Aunque, como en toda competencia política siempre hay favoritos y rezagados, el proceso de selección de candidatos del PRI a gobernador, alcaldes, síndicos y regidores y diputados locales de Tamaulipas, que está por iniciarse formalmente, será un proceso abierto que se definirá de acuerdo a los términos y formas señaladas por las reglas del ex partido oficial.
Pero sobre todo conforme a lo que recomienden las circunstancias a la hora de las definiciones, en las que los factores básicos serán el posicionamiento público de los interesados en los puestos que estarán en juego en la contienda y lo que señala la vieja regla política, los que sumen más o los que resten menos.
En ese escenario, algunos de los presuntos prospectos, caso concreto del diputado Carlos González Toral, aspirante priísta a la alcaldía del municipio de Altamira, desarrollan una intensa actividad de promoción de imagen, principalmente entre los habitantes de los sectores pobres de los distritos electorales a los que representan en el Congreso del Estado, en este caso los correspondientes a Madero, Altamira y Aldama.
A través de dos programas, uno denominado Feria de la Salud y otro Quédate Conmigo, el activo legislador tamaulipeco aprovecha el actual receso legislativo para ayudar a las familias que menos tienen con servicios médicos gratuitos, que la propia esposa del funcionario encabeza, entre otros beneficios, así como para proporcionar albergue a los familiares de los pacientes foráneos durante el tiempo en que éstos permanecen en los hospitales de la zona.
No obstante que, a decir de los enterados, la adversaria o contrincante a vencer en la lucha interna por el puesto de Armando López Flores es la Secretaria de Desarrollo Social y Humano, Griselda Carrillo Reyes, González Toral no se amilana, por el contrario, se crece ante la eventual inconveniencia o dificultad que todo indica que enmarcará la disputa de la candidatura edilicia.

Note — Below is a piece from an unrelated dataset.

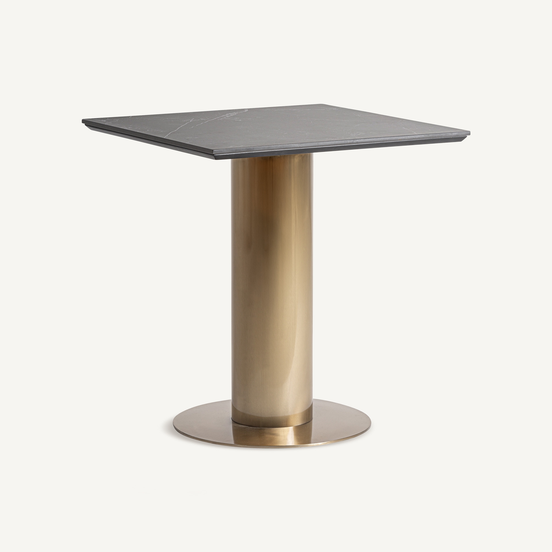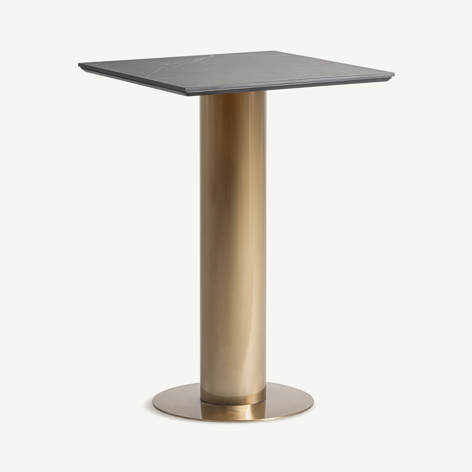 La Mesa Bar Tasque de Vicalhome es una reinterpretación contemporánea del estilo art déco, donde la geometría depurada y la nobleza de los materiales se funden en una pieza de gran impacto visual. Su estructura cilíndrica en acero acabado en oro aporta verticalidad y elegancia, mientras que el sobre cuadrado en porcelánico negro introduce un contraste sofisticado y altamente resistente.

Porque, como el mismo servidor público ha comentado, es en los mares embravecidos y agitados en los que se forjan los buenos marineros.
A pesar de que aún están lejos las fechas de las postulaciones, en el municipio de Madero ya empieza a vislumbrarse también la probable terna de los prospectos a los que podría echar mano el Revolucionario Institucional para conservar en poder tricolor la presidencia municipal que actualmente preside Mario Nery Castilla.

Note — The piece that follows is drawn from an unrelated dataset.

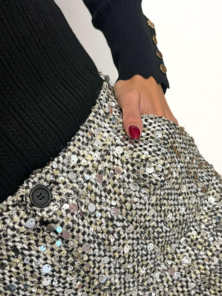 - Short gris en tweed à sequins

El Secretario General de la Sección Uno, Humberto Oliva Barreda, sería el abanderado del sindicato petrolero, el diputado Erasmo González Robledo, el del grupo del ex alcalde Guadalupe González Galván y parte de la sociedad civil, y la diputada federal electa, Monteserrat Arcos Vázquez, eventual tercero en discordia, que entraría al quite para resolver una posible polarización de las fuerzas del partido que gobierna el Estado y el país.

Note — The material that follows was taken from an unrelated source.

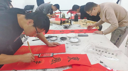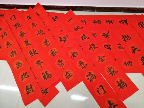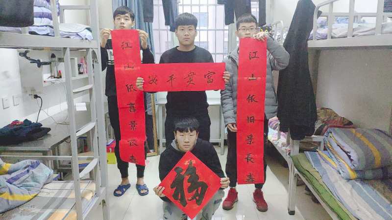 书法社成员把充满祝福的春联送到学生宿舍与学生公寓管理人员办公室,祝福他们新年快乐、万事如意。本次活动受到了老师、同学们的称赞和支持,迎春书法社团将把这项活动一年年坚持下去,让更多的师生参与到活动中来,让书法文化深入校园,师生交流更加密切。

La reincorporación de la Maestra Magdalena Peraza Guerra al equipo de trabajo del Gobierno del Estado, por otra parte, le ha metido ruido a la lucha de los militantes del tricolor por el cargo de Gustavo Torres Salinas.
La encomienda indica que la ex alcaldesa porteña será otra vez uno de los factores que influirán en la designación del próximo candidato al gobierno de la ciudad y de la planilla de aspirantes al ayuntamiento.
No hay que olvidar, además, que tendrá igualmente mucho que ver en el desenlace de las candidaturas municipales quien será el candidato a la gubernatura y, por supuesto, el parecer de los empresarios, empezando por agrupaciones de mayor peso, entre los que destacan la AISTAC, que dirige Luis Apperti Llovet, y el grupo de Eduardo Vela y compañía, que son elementos básicos para que los proyectos políticos priístas lleguen a feliz término en el municipio porteño.
En asuntos de otra índole, no obstante que para el gobierno mexicano las reformas constitucionales aprobadas en el 2014 ya están generado beneficios a la población, desde el extranjero, sin embargo, piensan que será hasta dentro de cinco años cuando la medida se reflejará en el crecimiento de la economía.
Y eso lo auguran expertos de algunos bancos europeos, como el español Santander, que han señalado que, dependiendo de la forma en la que se concreten los cambios legales, nuestro país podría empezar a crecer al 5 por ciento anual no antes de un lustro. Es decir, que el presidente Enrique Peña Nieto no alcanzaría a ver el resultado positivo de su obra.
Sin embargo, lo que les interesa ahora a las personas de los segmentos pobres de la sociedad, es hasta cuando se dejarán sentir en el bolsillo las bondades de las nuevas disposiciones jurídicas, especialmente de la que ha permitido la apertura energética a la inversión privada extranjera, porque de la correspondiente a la firma del Tratado de Libre Comercio con América del Norte ya llevan veinte años esperándolas y es fecha que no llegan.